Grafana has many additional options, like configuring dashboard variables and annotations. You can also use different visualizations, modify the display, set the units of measurement, and much more.





Also, Hosted Graphite has a pre-configured dashboard for Telegraf metrics in their Dashboard Library. Once this dashboard is generated in your account, you can identify it in your Primary Dashboards to see system metrics (CPU, mem, disk) displayed. These system performance metrics come automatically with a Telegraf => Graphite configuration:

Easy Guide to monitoring uWSGI Using Telegraf and MetricFire - 1

See the Hosted Graphite dashboard docs for more details.

Creating Graphite Alerts

In the Hosted Graphite UI, navigate to Alerts => Graphite Alerts to create a new alert. Name the alert, add one of your graphite metrics to the alerting metric field, and add a description of what this alert is:

uwsgi-alert



Then, select the Criteria tab, which will set the threshold, and select a notification channel. The default notification channel is the email you used to sign up for the Hosted Graphite account. Still, you can easily configure a channel for Slack, PagerDuty, Microsoft Teams, and more. See the Hosted Graphite docs for more details on notification channels:

uwsgi-alert-criteria

Conclusion

Monitoring uWSGI instances is crucial for ensuring uninterrupted service delivery. It allows businesses to promptly detect and resolve performance issues or downtime, thus maintaining high levels of customer satisfaction and trust.
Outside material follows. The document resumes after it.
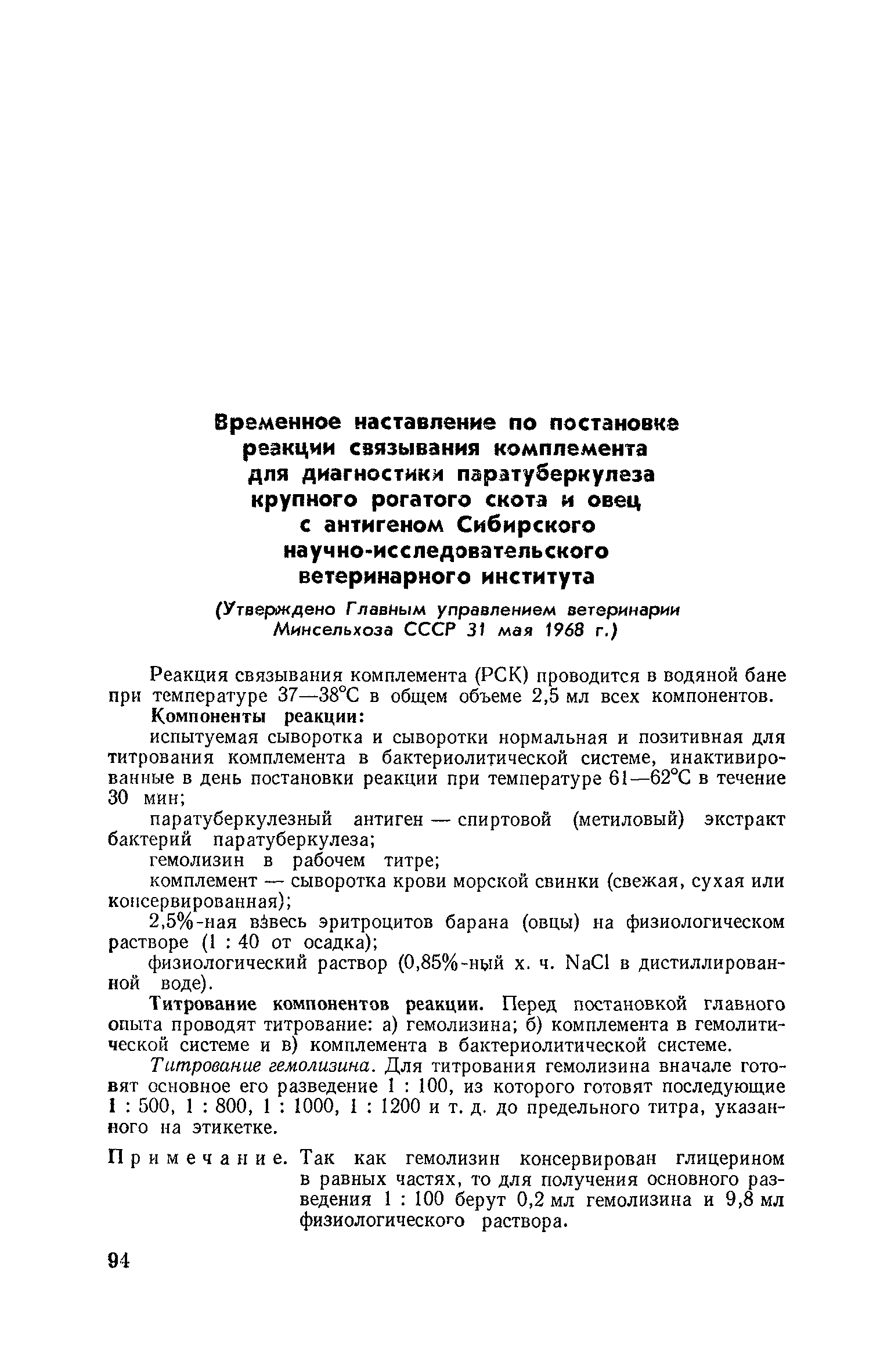 | Название рус.: | Временное наставление по постановке реакции связывания комплемента для диагностики паратуберкулеза крупного рогатого скота и овец с антигеном Сибирского научно-исследовательского ветеринарного института |
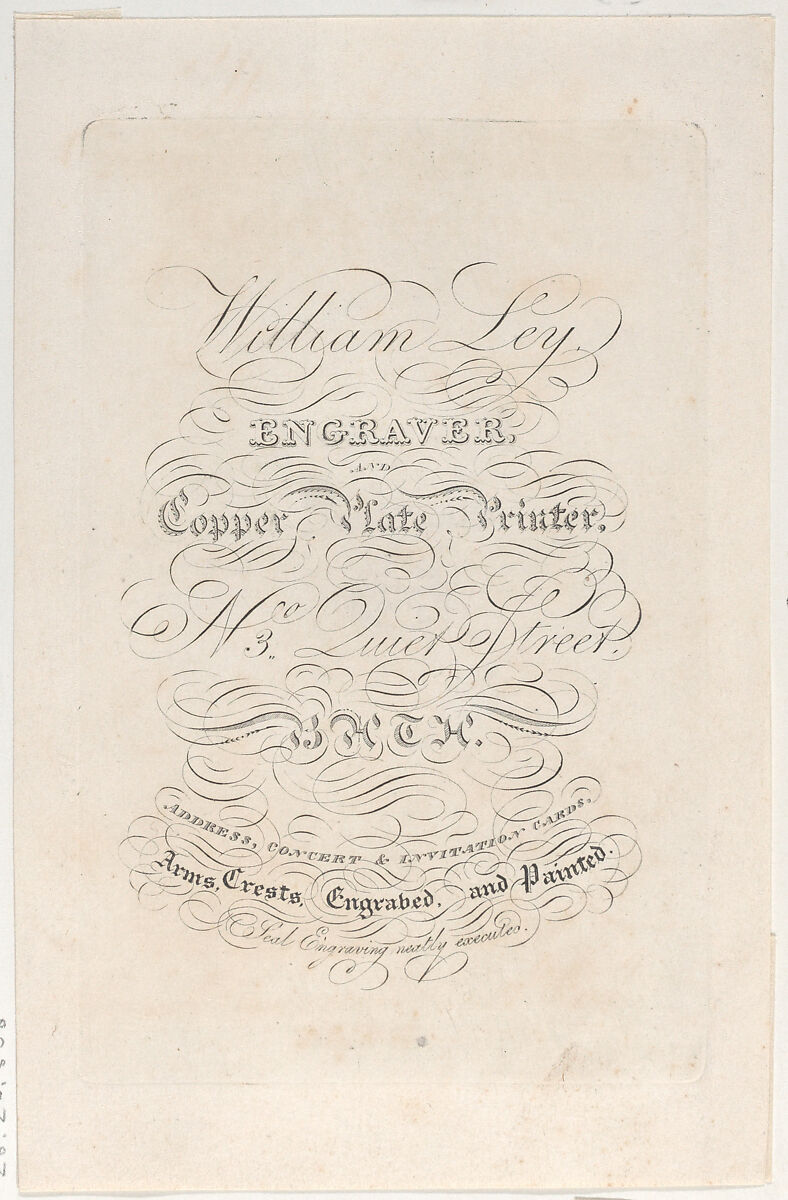 Trade Card for William Ley, Engraver & Copper Plate Printer

Additionally, detailed monitoring of uWSGI enables enterprises to optimize resource allocation, minimize infrastructure costs, and make informed decisions regarding capacity planning and scalability to meet evolving business demands efficiently.

Tools like dashboards and alerts complement this monitoring by providing real-time visualization, proactive identification of issues, historical trend analysis, and facilitating informed decision-making, all of which are essential for maintaining a robust and efficient network infrastructure.